> _TASK TO CARRY OUT_: Please write out exactly the line containing "This kid friendly" below and every line after it, through the last one, but leave out any pictures.

> _RECORDED DATA_:

····················

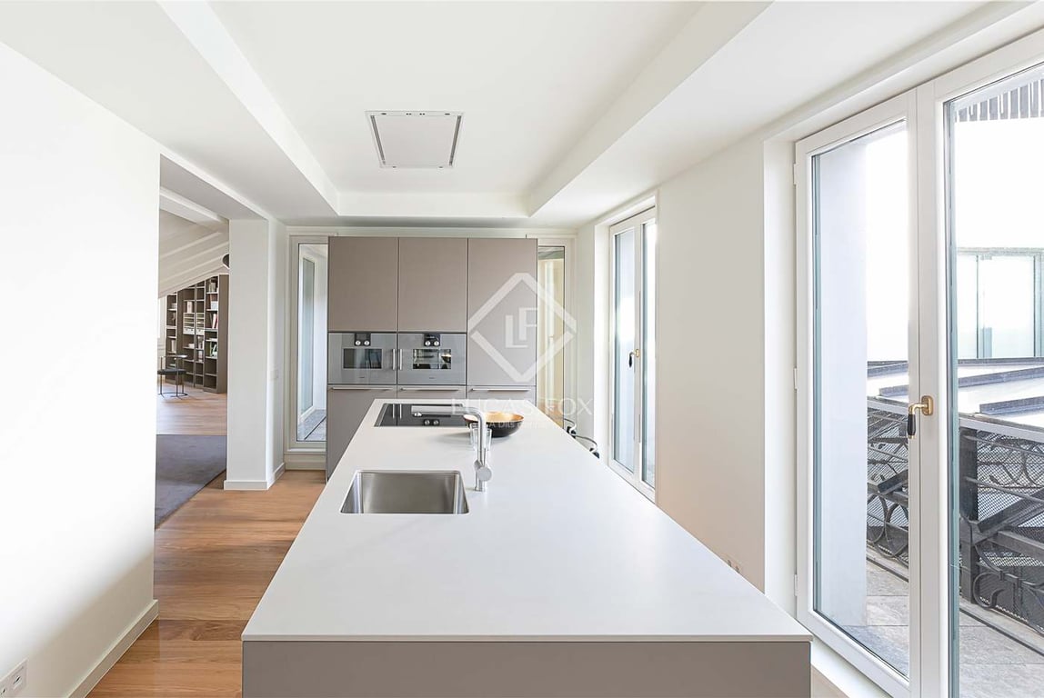 This magnificent penthouse apartment crowning the new Casa Burés is in an area once dedicated to service and storage and has been transformed into a minimalist, contemporary living space. The new architectural design preserves the most iconic elements such as the balustrades and sloping ceilings while adding new features such as skylights that bring natural sunlight and an original touch to the space. The highly contemporary interior design, featuring white hues and soft lines inspired by na...
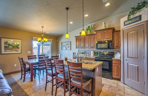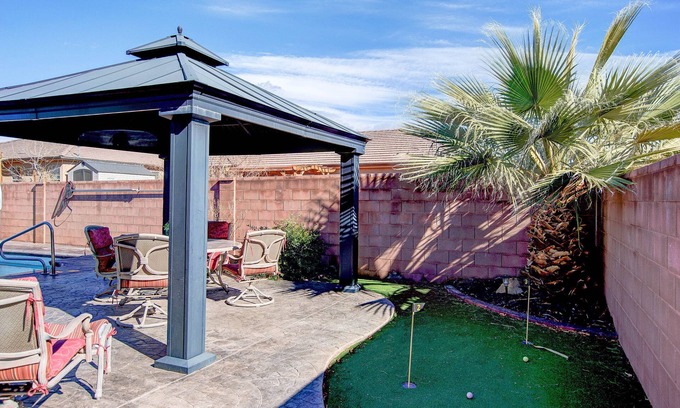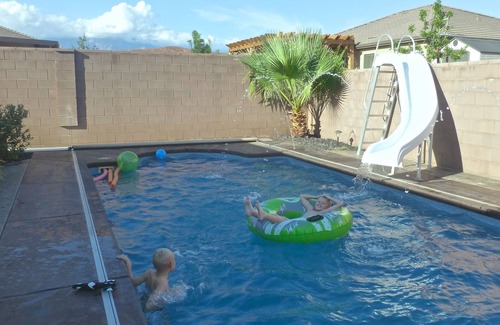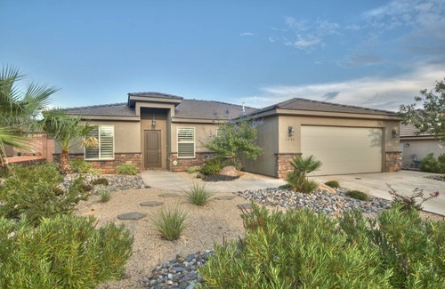 This kid friendly home has 2 sets of bunk beds, 2 brand new Birch hybrid organic hypoallergenic king beds, and 1 queen bed. The 40 foot pool has a great water slide, creating lots of fun for the "kiddos",both young and old! Cook up some hamburgers and hot dogs out on the patio and relax under the Gazebo. Putting green for the golf enthusiasts in the family. After a fun filled day, sit down and relax with 4 flat screen TV's through out the house with Dish Network and 'The Hopper' and Blue Ray DVD. or play cards or family games. Outlet mall near by, Zion National Park and Snow Canyon Park for hiking and canyoneering, Sand Hollow and Quail Reservoirs for beach and boating and all other water sports. Sand dunes for ATV adventures. Tuachan amphitheater features Broadway shows outside under the stars. World class golf all over St George and even a Costco within one mile!!! Small extra charge for pool heat in the winter months ask owner for more details.
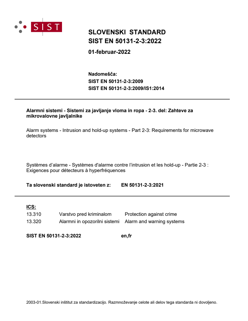 Ta slovenski standard je istoveten z: EN 50131-2-3:2021

····················

> _TASK RESULT_:
 This kid friendly home has 2 sets of bunk beds, 2 brand new Birch hybrid organic hypoallergenic king beds, and 1 queen bed. The 40 foot pool has a great water slide, creating lots of fun for the "kiddos",both young and old! Cook up some hamburgers and hot dogs out on the patio and relax under the Gazebo. Putting green for the golf enthusiasts in the family. After a fun filled day, sit down and relax with 4 flat screen TV's through out the house with Dish Network and 'The Hopper' and Blue Ray DVD. or play cards or family games. Outlet mall near by, Zion National Park and Snow Canyon Park for hiking and canyoneering, Sand Hollow and Quail Reservoirs for beach and boating and all other water sports. Sand dunes for ATV adventures. Tuachan amphitheater features Broadway shows outside under the stars. World class golf all over St George and even a Costco within one mile!!! Small extra charge for pool heat in the winter months ask owner for more details.
 Ta slovenski standard je istoveten z: EN 50131-2-3:2021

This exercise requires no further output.